If you want to ensure that the QA acceptance criterion is valid, then you need to keep the following things in mind.
Automatic Test Runs
They should be complete and easy to understand for non-developers and for the average coder.
All Bugs to be Filed Correctly
The bugs need to be filed correctly, and there needs to be an explanation for it.
Sensible and Complete Test Scripts
The script needs to be complete and sensible and be applicable for fixing bugs.
The QA criterion does not have to be very technical to allow for a non-developer to check it quickly. The testers should have some professional background. The scrum team members should be made aware of what needs to be done to pass the acceptance criteria. As simple as it sounds, a good test script can’t be faked.
No Random Metric Quality Check
The acceptance criteria need to be such as it should not allow smart individuals to work around it for their personal benefit. This means that there shouldn’t be a random metric quality check in place.
Here are some examples of test which will help measure quality assurance in Scrum.
- Tests by Grouping
- Test Case Pass Rate
- The number of Bugs Found Per Module.
- The number of Bugs Found Per Build.
- Qualified Priority of Bugs Found
- Time Between Bugs Found
- Time to Perform Test Bugs Found Per test
- Mean Time Between P1 Bugs
Measuring how many bugs are found in a project and setting a specific limit on the number of bugs which should be noticed is an effective way to measure quality assurance in Scrum
Same Metrics for All
In scrum, everyone is treated the same and has to undergo the same metrics meaning that no matter if it is the developer or any other person.

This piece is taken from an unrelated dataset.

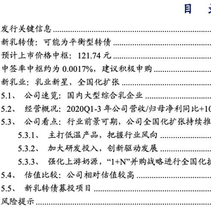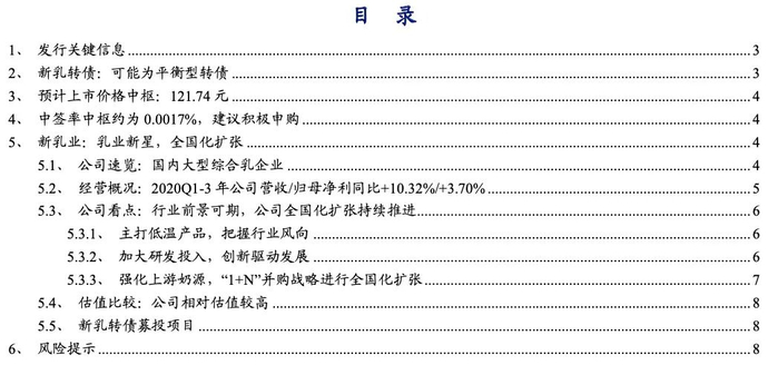 本内容源于2020.12.17已发布报告《乳业新星,全国化扩张——新乳转债申购价值分析》——事件点评

There needs to be a variance of delay metric in place, and the reasons behind the variations need to found. Everyone will all be judged using the same metrics in place and not other parameters. However, it is possible to have metrics in place for quality assurance personnel.
- Percentage of bug issues which come up.
- Rate of bugs withdrawn.
- Rate of total documented tests which have been automated.
- Rate of code leverage.
- Rate of bugs found manually and through automation.